Platte River

South Platte River – Exchanging Knowledge and Building Partnerships Across State Lines

In January 2021, the State of Nebraska resurfaced plans outlined in a 100-year-old agreement that allows Nebraska to build a new canal to divert water from the South Platte River in Colorado and carry it east across the state line. This announcement sparked many questions in both states. What would be the impacts to the birds, wildlife, and the ecosystem along the South Platte that depend on this water?

To answer these questions in light of both current and future projects, Audubon began conversations with those who know best – the people who are doing conservation work on-the-ground along the South Platte River in northeast Colorado and western Nebraska. Through discussions, conservation staff on both sides of the state line recognized that we not only share curiosity about how conservation work and water policy differ from one state to the next, but that increased coordination between partners is necessary to protect how the South Platte functions and the benefits it provides to wildlife that don’t recognize political boundaries.

Inquisitive participants from both Colorado and Nebraska got together in the Sterling, CO, area at the end of April to continue building partnerships and shared understanding around the South Platte River ecosystem. Those who attended the “South Platte Knowledge Exchange” visited key sites along the River and heard from area experts about how water management combined with habitat restoration along the South Platte is supporting numerous demands.

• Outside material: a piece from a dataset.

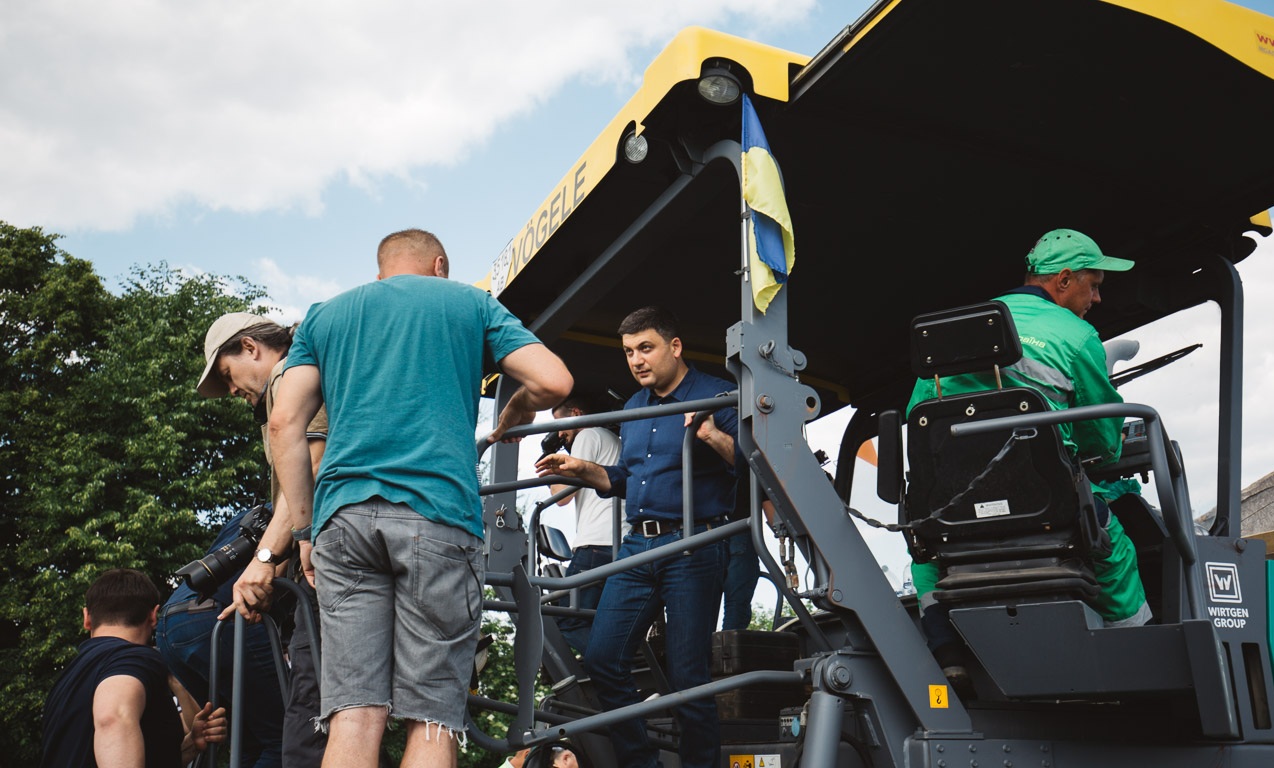 – Не зупиняйтеся, бо прилипнете і залишитеся на цій дорозі, – досить символічно сказав Гройсман на ходу, щоправда, не зрозуміло кому конкретно. Біля одного з найбільших асфальтовкладальників – не стримався і поліз у Кабіну.

Over the 2-day event, partners saw the infrastructure already in place along the South Platte that diverts and re-times streamflow – artifacts still in place after over a century of redirecting streamflow as additional human needs arose. These modifications to the Basin’s hydrology have had obvious impacts on the surrounding ecosystem, and the group also toured sites where conservation partners have utilized restoration and water management techniques to mimic more natural processes on the landscape. At the forefront are the wetland areas that partners have built and restored to provide habitat and energy for migrating waterfowl.

The South Platte River is already a highly managed system – it is estimated that water in this river is used 6 to 7 times over before it crosses into Nebraska – benefiting communities, industry, agriculture, and habitat along its route. As future proposals arise to store and divert additional streamflow, and as climate change continues to alter when and how much water is available, conservation partners will need to work together to ensure that the ecological integrity of the South Platte River, both upstream and downstream from the state line, are preserved.